L'educazione e la formazione sono processi complessi, progressivi e continui che richiedono la cooperazione e l'impegno dell’alunno, della scuola, della famiglia e dell’intera comunità.
La famiglia è il primo e insostituibile luogo della relazione e della comunicazione educativa. La scuola è invece, istituzionalmente, l’ambiente educativo e di apprendimento in cui si promuove la formazione di ogni alunno attraverso l’interazione sociale in un contesto di relazioni positive.
La condivisione delle regole del vivere e del convivere può avvenire solo con un'efficace e attenta collaborazione scuola-famiglia. La scuola e la famiglia, pertanto, devono perseguire costantemente l’obiettivo di costruire un'alleanza educativa, fondata sulla fiducia, perché solo mediante  essa sarà possibile, per ciascun alunno, acquisire quelle competenze sociali e relazionali che permettono di affrontare in modo efficace le esigenze della vita quotidiana, che si rappresenta sempre più complessa e difficile, rapportandosi con fiducia a se stesso, agli altri e alla comunità.
Non si tratta di rapporti da stringere solo ed inevitabilmente in momenti critici ma di relazioni costanti e di fiducia che riconoscano i reciproci ruoli e che si supportino vicendevolmente nelle comuni finalità educative, in un regime di reciprocità nei diritti e doveri (sanciti a partire dalla Costituzione).

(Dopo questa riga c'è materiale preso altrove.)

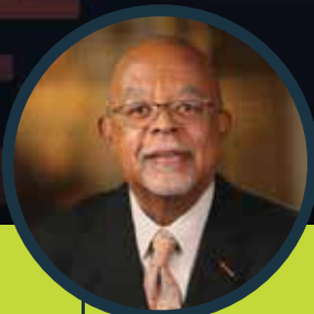
Making Black America: Through the Grapevine

Da ciò nasce il Patto di Corresponsabilità: un contratto formativo, un documento che rappresenta per tutti - come previsto dalla normativa - un punto di riferimento e di guida per la coerenza dei comportamenti, il rispetto delle regole e delle intese tra le varie parti. E' un documento orientato a porre in evidenza il ruolo strategico che può essere svolto dalle famiglie nell'ambito di un'alleanza educativa che coinvolga la scuola, gli studenti e i loro genitori, ciascuno secondo i rispettivi ruoli e responsabilità. Il "patto" vuole essere uno strumento innovativo attraverso il quale declinare i reciproci rapporti.

Pertanto, all'inizio dell'anno scolastico, viene richiesta la sottoscrizione anche da parte degli studenti e dei genitori, finalizzata a definire i diritti e i doveri che intercorrono tra l'istituzione scolastica, gli studenti e le famiglie.
Il Patto è suddiviso in tre capitoli, che trattano rispettivamente gli impegni dei docenti, dei genitori e degli alunni. 
L'assunzione di questo impegno ha validità per l'intero periodo di permanenza dell'alunno nell'istituzione scolastico.